# First Junior Technician



## Jo-JotheSoundDog (Sep 9, 2003)

I know this is a wasted post and all that, but I think it shows something to Daves success with this site. 

Woo hooo I am now a Junior Technician!!!!!!!!!


----------



## dvsDave (Sep 9, 2003)

*muhahaha*

Hey!! Awesome!  

200 Posts.... sweet deal...

You know what the next rank to hit is?  

_500_

*~muhahaha~* _.....have fun_


----------



## MissD (Sep 9, 2003)

Hey! Party time for you-       

Thanks for sharing your wisdom.

(not to mention giving us an opportunity to reply and add to our post count, lol)


----------



## TechDirector (Sep 9, 2003)

*Re: muhahaha*


dvsDave said:


> You know what the next rank to hit is?
> 
> _500_
> 
> *~muhahaha~* _.....have fun_



Dear Dave,
You are evil.

Signed,
The Devil

Hey dave I found this letter in a sink hole-i thought maybe you should read it. lol.


----------



## ship (Sep 9, 2003)

200 replies or posts. nuff said without me saying anything which is probably for the better.
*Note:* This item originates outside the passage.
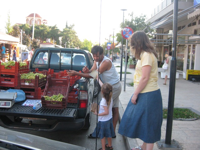 The little ones make effective witnesses. Don’t underestimate them! See the picture of 5 year old Megan handing out a Gospel of John to a vendor on the street in Thermi.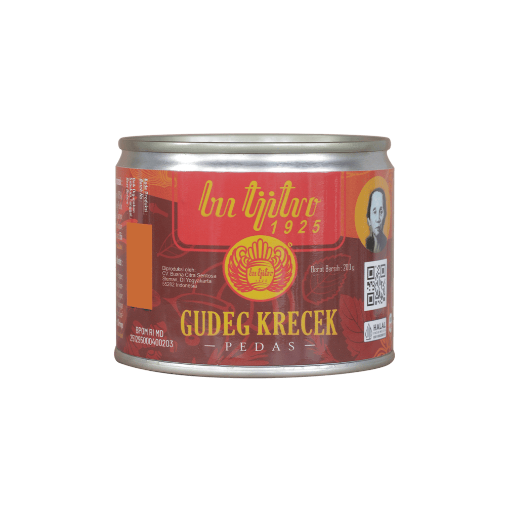 Proses pengolahan menggunakan teknologi pangan modern dengan sistem sterilisasi komersial sehingga tetap higienis. Produk ini sudah memiliki sertifikat BPOM dan Halal MUI, jadi aman dan berkualitas. Gudeg Kaleng Bu Tjitro 1925 bisa bertahan 12–18 bulan tanpa bahan pengawet, cocok untuk oleh-oleh maupun dikonsumsi sendiri.

LOL... What to say anyway besides your stick with it ability is a great service to others. You have a good hart and good advice to pass on. Thanks for past and future ideas.


----------



## wemeck (Sep 10, 2003)

Congrats!!!


----------



## SbhstechieImlah (Sep 12, 2003)

haha congrats and good luck trying to get to the next level


----------